Gericht: Bundesgerichtshof
Beschluss verkündet am 26.03.2001
Aktenzeichen: NotZ 23/00
Rechtsgebiete: BNotO, StPO


Vorschriften:

BNotO § 50 Abs. 1 Nr. 6
BNotO § 50 Abs. 1 Nr. 8
BNotO § 50 Abs. 3 Nr. 3
BNotO § 50 Abs. 1 Nr. 8, 2. Alternative
BNotO § 50 Abs. 1 Nr. 8, 1. Alternative
StPO § 153 a
Diese Entscheidung enthält keinen zur Veröffentlichung bestimmten Leitsatz.
BUNDESGERICHTSHOF BESCHLUSS

NotZ 23/00

Verkündet am: 26. März 2001

Fitterer Justizangestellte als Urkundsbeamtin der Geschäftsstelle

in dem Verfahren

wegen Amtsenthebung

Der Bundesgerichtshof, Senat für Notarsachen, hat durch den Vorsitzenden Richter Dr. Rinne, die Richter Dr. Wahl und Streck sowie die Notare Dr. Doyé und Dr. Toussaint auf die mündliche Verhandlung vom 26. März 2001

beschlossen:

Tenor:

Die sofortige Beschwerde des Antragstellers gegen den Beschluß des Senats für Notarsachen bei dem Oberlandesgericht Celle vom 16. August 2000 wird zurückgewiesen.

Der Antragsteller hat die Gerichtskosten des Beschwerdeverfahrens zu tragen und die dem Antragsgegner im Beschwerdeverfahren entstandenen notwendigen Auslagen zu erstatten.

Der Geschäftswert wird für beide Rechtszüge auf 100.000 DM festgesetzt.

Gründe

I.

Der 1935 geborene Antragsteller ist seit 1970 als Rechtsanwalt und seit 1975 auch als Notar in H. M. tätig.

Mit Verfügung vom 27. Oktober 1999 wurde er vom Antragsgegner gemäß § 54 Abs. 1 Nr. 2, § 50 Abs. 1 Nr. 6 und 8 BNotO seines Amtes als Notar vorläufig enthoben. Seinen hiergegen gerichteten Antrag auf gerichtliche Entscheidung hat das Oberlandesgericht am 31. Januar 2000 als unzulässig verworfen. Mit Verfügung vom 28. März 2000, die seinem (damaligen) Rechtsanwalt am 31. März 2000 zugegangen ist und dem Antragsteller am 3. April 2000 zugestellt wurde, hat der Antragsgegner dem Antragsteller eröffnet, daß er seine endgültige Amtsenthebung gemäß § 50 Abs. 1 Nr. 6 und 8 BNotO in Aussicht genommen habe. Dagegen hat sich der Antragsteller mit dem Antrag nach § 50 Abs. 3 Nr. 3 BNotO gewandt.

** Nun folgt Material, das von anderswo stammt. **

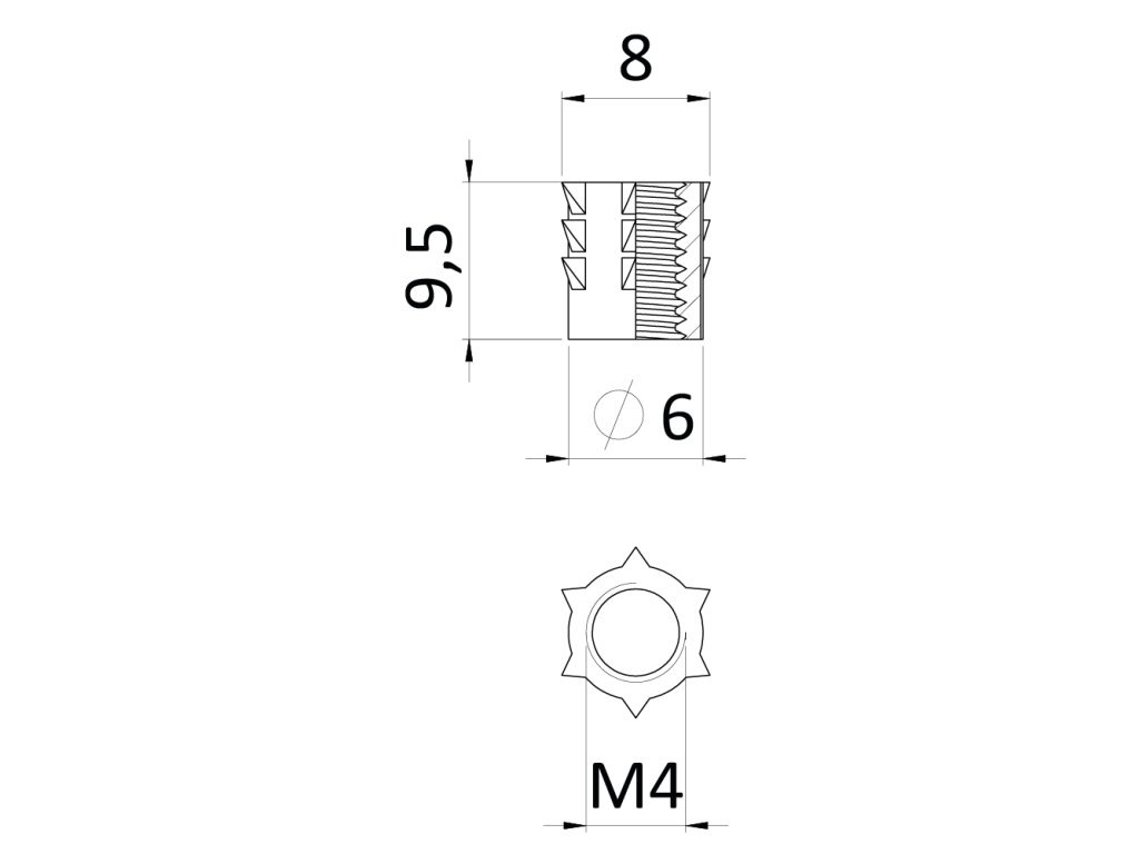 Narážacia matica do dreva M4 x 9,5 mm, zinková zliatina
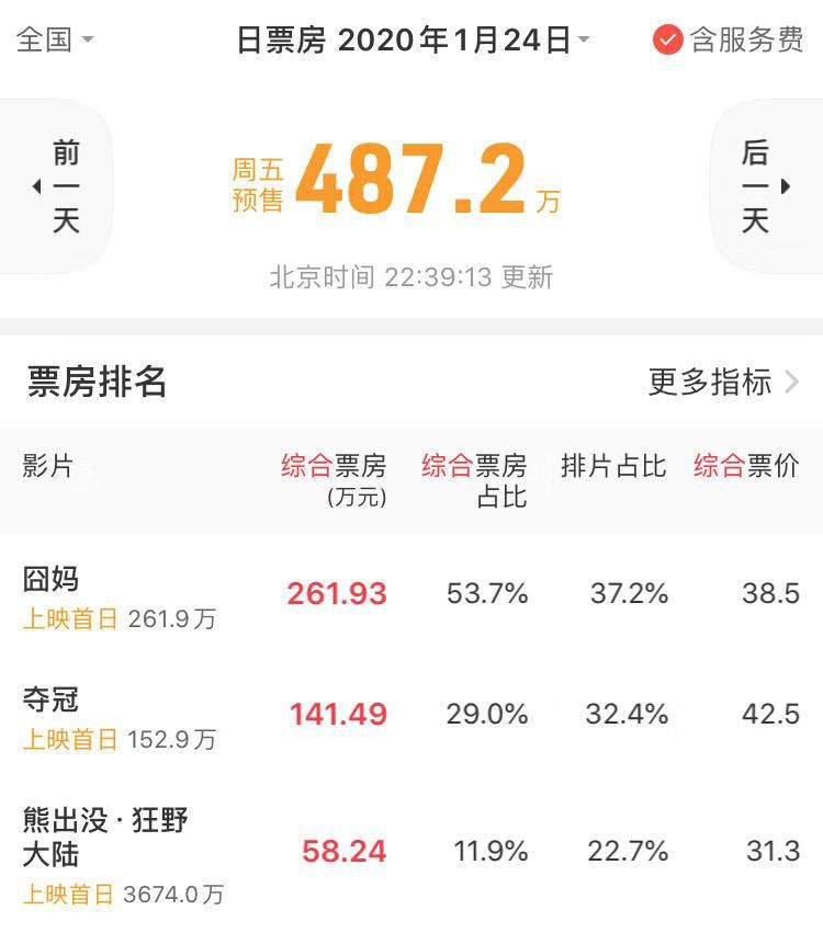 第三个变故是《囧妈》《夺冠》《熊出没·狂野大陆》从大年初一提档至除夕,预售开启两天,种子选手之间已经开始分割战场。

Das Oberlandesgericht hat durch Beschluß vom 16. August 2000 festgestellt, daß die Voraussetzungen von § 50 Abs. 1 Nr. 8 BNotO vorliegen. Hiergegen richtet sich die form- und fristgerecht eingelegte sofortige Beschwerde des Antragstellers.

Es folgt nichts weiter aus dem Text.